◆ Data records ◆
.....
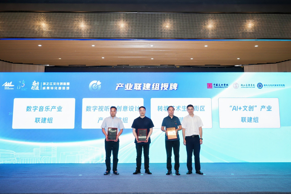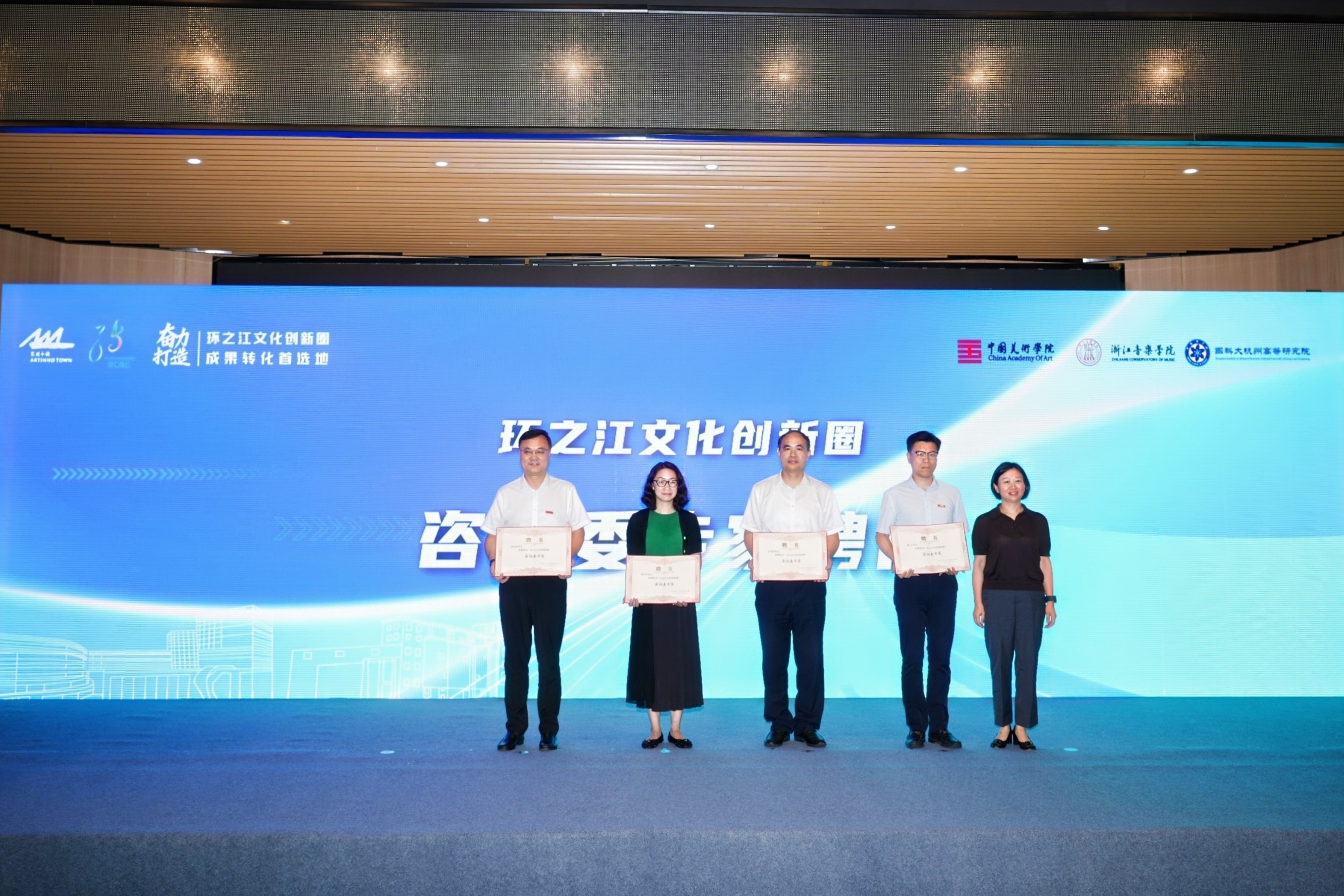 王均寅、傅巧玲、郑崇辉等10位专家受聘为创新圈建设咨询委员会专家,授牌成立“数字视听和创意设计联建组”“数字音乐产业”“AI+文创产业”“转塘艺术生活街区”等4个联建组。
.....
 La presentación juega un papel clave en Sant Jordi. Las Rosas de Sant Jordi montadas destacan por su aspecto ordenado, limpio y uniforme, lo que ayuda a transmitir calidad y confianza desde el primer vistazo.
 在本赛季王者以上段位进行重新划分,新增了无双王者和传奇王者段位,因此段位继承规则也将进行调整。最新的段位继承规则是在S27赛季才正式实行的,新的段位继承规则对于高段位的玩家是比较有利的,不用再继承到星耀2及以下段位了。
.....
◆ Task ◆
Beginning with the line holding "La presentación juega" and ending with the line holding "在本赛季王者以上段位进行重新", write out the stretch of material above exactly; add no further lines.

◆ Worked solution ◆
 La presentación juega un papel clave en Sant Jordi. Las Rosas de Sant Jordi montadas destacan por su aspecto ordenado, limpio y uniforme, lo que ayuda a transmitir calidad y confianza desde el primer vistazo.
 在本赛季王者以上段位进行重新划分,新增了无双王者和传奇王者段位,因此段位继承规则也将进行调整。最新的段位继承规则是在S27赛季才正式实行的,新的段位继承规则对于高段位的玩家是比较有利的,不用再继承到星耀2及以下段位了。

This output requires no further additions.